Mercer County, Pennsylvania. November, 2004. Unilect.
Touch screens malfunction after successful testing.

Many problems plagued the Unilect Patriot touch screens in Mercer County.*

Mercer County's director of elections said it was a computer software glitch that caused touch-screen voting machines to malfunction in about a dozen precincts Tuesday. ...

"I don't know what happened," said James Bennington, who had been assured Friday that all 250 of the county's touch-screen units had been checked and rechecked. The county has 100 voting precincts.

Keith Jenkins, director of the county's computer department, agreed that it was a software malfunction and said repeated calls to UniLect Corp., the company that sold the machines to the county in 2001, failed to resolve the problem.

Mercer County commissioners, doubling as the county election board, vowed to investigate, noting the probe was started immediately to find out what happened, why it happened and how it can be prevented from happening again. ...

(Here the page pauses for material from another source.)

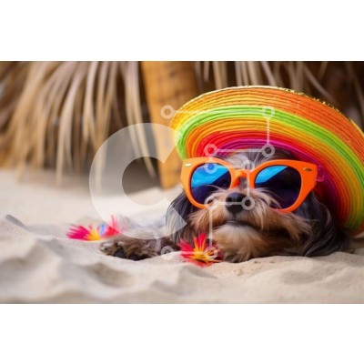 Υπάρχει δυνατότητα προσωποποίησης με δική σας φωτογραφία και προσαρμογής διαστάσεων κατόπιν παραγγελίας. Το συγεκεριμενο puzzle παρουσιαζει Η εικόνα δείχνει ένα μικρό σκυλί που φοράει πολύχρωμα γυαλιά ηλίου και είναι ξαπλωμένο στην άμμο. Ο σκύλος είναι ντυμένος για την καλοκαιρινή σεζόν, κάτι που θα μπορούσε να είναι ένδειξη ότι είναι έτοιμος να περάσει λίγο χρόνο στον ήλιο. Μπορεί επίσης να υποδηλώνει ότι ο σκύλο

Precincts in Hermitage, Farrell, Wheatland, West Middlesex, Shenango Township and Sharon experienced the most serious machine difficulties, some from the moment the polls opened at 7 a.m. Some machines never operated, some offered only black screens and some required voters to vote backwards, starting on the last page of the touch-screen system and working back to the front page.

* Errors plague voting process in Ohio, Pa. Vindicator. November 3, 2004. Vindicator staff.
* Back up! We need back up! Roanoke.com. November 11, 2004. By Brian Gottstein.

News stories make it rapidly apparent that
electronic voting is not reliable, accurate, or secure.
Any one who claims otherwise is either uninformed or deceptive.